The function merges the sorted vectors x1 and x2 into a single vector, and merges y1 and y2 in the same way. It then fits the decreasing vector z that minimises the total squared error sum((z-y)^2) where y is the merged vector of y1 and y2. By setting x2=y2=NULL, this function can perform isotonic regression on a single data set.
The solution to isotonic regression can be shown to be given by blockwise averages of the original data, where the blocks correspond to the convex hull of the cumulative sums.
Value
An object of class "isotonic" with the following components
- x
The sorted x1 and x2 values with Inf appended.
- y
The fitted isotonic regression values with 0 appended.
- data
The original y1 and y2 values, corresponding to increasing order of the combined x1 and x2 vectors.
Author(s)
Toby Kenney
Examples
set.seed(1)
x1<-seq_len(1000)
y1<-rnorm(1000)+3*exp(-x1/500)
x2<-seq_len(100)*2.1001
y2<-rnorm(100)+3*exp(-x2/500)
ir<-isotonic.regression(x1,y1,x2,y2)
graphics::plot(ir$x,ir$y)
Interpolation from Isotonic Regression
Description
Interpolates a prediction from an isotonic regression object
Usage
## S3 method for class 'isotonic'
predict(object,newdata,...)
Arguments
object |
The isotonic regression object, consisting of a list with three components:
|
newdata |
The values for which the function is to be calculated. |
... |
Any additional arguments are ignored. |
Details
For each element of newdata, this function identifies the first element of object$x that is larger, and looks up the corresponding element of object$y.
Value
A vector of corresponding values of the step function.
Author(s)
Toby Kenney
Examples
set.seed(1)
x1<-seq_len(1000)
y1<-rnorm(1000)+3*exp(-x1/500)
x2<-seq_len(100)*2.001
y2<-rnorm(100)+3*exp(-x2/500)
ir<-isotonic.regression(x1,y1,x2,y2)
fitted<-predict(ir,newdata=seq_len(10000)/10)

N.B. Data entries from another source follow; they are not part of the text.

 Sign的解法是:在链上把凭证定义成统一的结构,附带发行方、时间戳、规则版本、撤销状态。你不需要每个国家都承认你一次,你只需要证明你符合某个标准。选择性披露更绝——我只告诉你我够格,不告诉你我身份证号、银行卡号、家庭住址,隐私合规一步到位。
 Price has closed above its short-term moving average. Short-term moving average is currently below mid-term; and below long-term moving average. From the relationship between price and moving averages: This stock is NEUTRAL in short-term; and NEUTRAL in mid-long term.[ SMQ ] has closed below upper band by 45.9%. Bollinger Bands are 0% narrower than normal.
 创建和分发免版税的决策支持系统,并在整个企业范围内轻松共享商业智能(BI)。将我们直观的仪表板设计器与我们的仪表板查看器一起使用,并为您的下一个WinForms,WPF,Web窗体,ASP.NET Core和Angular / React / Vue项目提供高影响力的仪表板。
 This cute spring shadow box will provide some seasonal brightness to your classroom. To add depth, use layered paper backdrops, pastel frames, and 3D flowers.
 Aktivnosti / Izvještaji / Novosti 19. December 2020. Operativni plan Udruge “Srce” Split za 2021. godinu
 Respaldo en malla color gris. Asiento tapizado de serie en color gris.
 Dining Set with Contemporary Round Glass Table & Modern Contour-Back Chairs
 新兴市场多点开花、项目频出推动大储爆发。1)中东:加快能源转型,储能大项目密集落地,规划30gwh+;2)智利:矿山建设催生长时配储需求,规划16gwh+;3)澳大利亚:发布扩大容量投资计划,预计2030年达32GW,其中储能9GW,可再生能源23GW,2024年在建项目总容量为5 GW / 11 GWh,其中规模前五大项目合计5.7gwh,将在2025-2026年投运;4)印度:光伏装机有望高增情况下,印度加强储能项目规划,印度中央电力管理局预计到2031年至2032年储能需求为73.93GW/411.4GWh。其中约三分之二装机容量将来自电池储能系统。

Select the cut-off using HVS
Description
Selects a p-value cut-off for hypergraph variable selection on a graph.
Usage
select.cutoff(G,batchsize=100,nbatch=100,level=0.05,threshold=NULL)
Arguments
G |
The graph, represented as a square matrix. The values in the matrix represent the p-values of hypothesis tests corresponding to the edges of the graph (with diagonal elements corresponding to loops). |
batchsize |
The size of each batch of points. |
nbatch |
The number of batches |
level |
The desired FDR control level. If threshold is set to a numeric value, then this value is overridden. |
threshold |
Either a numeric value or null or "PRDS". If the value is null or "PRDS", then the value is recalculated to control the gFDR at the specified level, either under no dependence assumptions, or under the PRDS assumption. |
Details
This selects the largest cut-off c such that the number of vertices minus the log to base 2 of the number of independent sets of the graph with edges having values below this cut-off, is more than or equal to c times the parameter "threshold".
Value
An object of class c("HVS","GLSUP") which includes the following components:
- level
The specified gFDR control level.
- pv
The p-values in increasing order.
- sizing
The sizing function applied to the hyperedges with smallest p-values.
- rejected
Logical vector indicating which p-values are less than the cut-off.
- cut.off.slope
The specified or calculated threshold.
- pv.cut.off
The p-value cut-off.
- sizing.function
The estimated sizing function from isotonic regression. This can be studied to determine the uncertainty in counting the number of sets.
Author(s)
Toby Kenney, Sarah Organ
References
Hypergraph Variable Selection with False Discovery Rate Control
Sarah Organ, Toby Kenney, Hong Gu
http://arxiv.org/abs/2606.20514
Examples
set.seed(1)
G<-matrix(runif(400)/10,20,20)
G<-pmin(G,t(G)) # make G symmetric
cut.off<-select.cutoff(G,threshold="PRDS")